Out-of-sight compile times for calculate_loop_depth
- To: gcc at gcc dot gnu dot org
- Subject: Out-of-sight compile times for calculate_loop_depth
- From: Brad Lucier <lucier at math dot purdue dot edu>
- Date: Mon, 7 Feb 2000 10:21:31 -0500 (EST)
- Cc: lucier at math dot purdue dot edu
With this compiler:
popov-50% /export/u10/egcs-profile/bin/gcc -v
Reading specs from /export/u10/egcs-profile/lib/gcc-lib/alphaev6-unknown-linux-gnu/2.96/specs
gcc version 2.96 20000127 (experimental)
and the input at
http://www.math.purdue.edu/~lucier/_meroon.i.gz
I get the following compile times:
popov-754% /export/u10/egcs-profile/lib/gcc-lib/alphaev6-unknown-linux-gnu/2.96/cc1 -mcpu=ev6 -fno-math-errno -mieee -fPIC -O1 _meroon.i
___H__20___meroon {GC 167029k -> 34257k in 0.801} {GC 58812k -> 37713k in 0.921} {GC 51743k -> 39567k in 0.975} ___init_proc {GC 72784k -> 3025k in 0.065} ____20___meroon
time in parse: 23.625056 (3%)
time in integration: 0.000000 (0%)
time in jump: 81.106576 (9%)
time in cse: 9.978624 (1%)
time in gcse: 0.000000 (0%)
time in loop: 0.039040 (0%)
time in cse2: 0.000000 (0%)
time in branch-prob: 0.000000 (0%)
time in flow: 738.114640 (81%) <=!!!!!!!!!!!!!!!
time in combine: 13.319472 (1%)
time in regmove: 0.000000 (0%)
time in sched: 0.000000 (0%)
time in local-alloc: 4.859504 (1%)
time in global-alloc: 15.603312 (2%)
time in flow2: 7.224352 (1%)
time in peephole2: 0.000000 (0%)
time in sched2: 0.000000 (0%)
time in shorten-branch: 0.551440 (0%)
time in final: 3.018768 (0%)
time in varconst: 0.008784 (0%)
time in symout: 0.000000 (0%)
time in dump: 0.000000 (0%)
time in gc: 2.763056 (0%)
All routines with more than 5% runtime are:
Each sample counts as 0.000976562 seconds.

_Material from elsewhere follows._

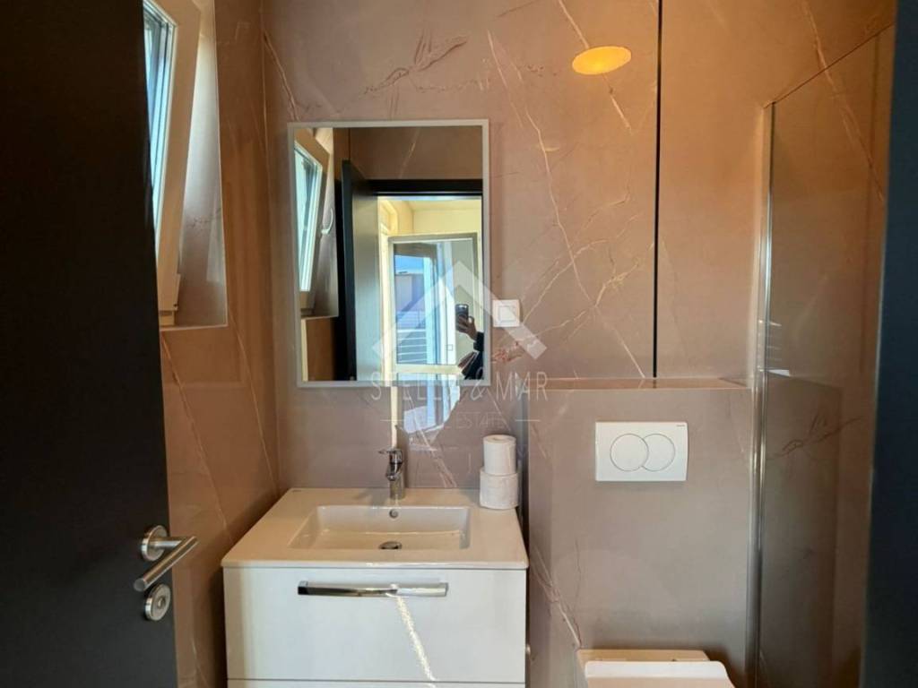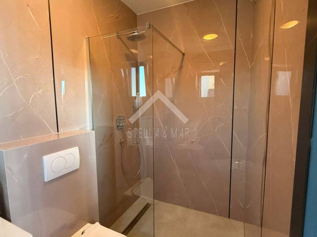 It is located on the second floor of a building with a total of 5 apartment units. It has a spacious living room with kitchen and dining area, three bedrooms, two bathrooms and 4 terraces, two of which are covered and two are uncovered. Each has a sea view. The apartment has a private apartment in each park.

% cumulative self self total
time seconds seconds calls ms/call ms/call name
36.66 104.63 104.63 59615 1.76 1.76 sbitmap_intersection_of_preds
21.87 167.07 62.44 21551141 0.00 0.00 sbitmap_a_subset_b_p
6.41 185.37 18.30 6596 2.77 2.77 flow_loop_exits_find
5.15 200.08 14.71 6596 2.23 2.23 flow_loop_pre_header_find
And the interesting part of the detailed function-by-function report is:
-----------------------------------------------
0.00 202.77 3/3 rest_of_compilation [5]
[6] 71.0 0.00 202.77 3 calculate_loop_depth [6]
0.07 202.70 3/3 flow_loops_find [7]
0.00 0.00 3/3 flow_loops_free [788]
-----------------------------------------------
0.07 202.70 3/3 calculate_loop_depth [6]
[7] 71.0 0.07 202.70 3 flow_loops_find [7]
0.07 105.36 3/3 compute_flow_dominators [8]
0.00 64.10 3/3 flow_loops_tree_build [10]
18.30 0.00 6596/6596 flow_loop_exits_find [16]
14.71 0.00 6596/6596 flow_loop_pre_header_find [17]
0.11 0.00 3/6 sbitmap_vector_alloc [206]
0.04 0.00 6596/6596 flow_loop_nodes_find [407]
0.01 0.00 1/1 flow_depth_first_order_compute [593]
0.00 0.00 6598/6608 sbitmap_alloc [649]
0.00 0.00 3/3 flow_loops_level_compute [724]
0.00 0.00 2/26511 sbitmap_zero [716]
0.00 0.00 1/202709 xmalloc [434]
0.00 0.00 1/112725 xcalloc [553]
-----------------------------------------------
0.07 105.36 3/3 flow_loops_find [7]
[8] 36.9 0.07 105.36 3 compute_flow_dominators [8]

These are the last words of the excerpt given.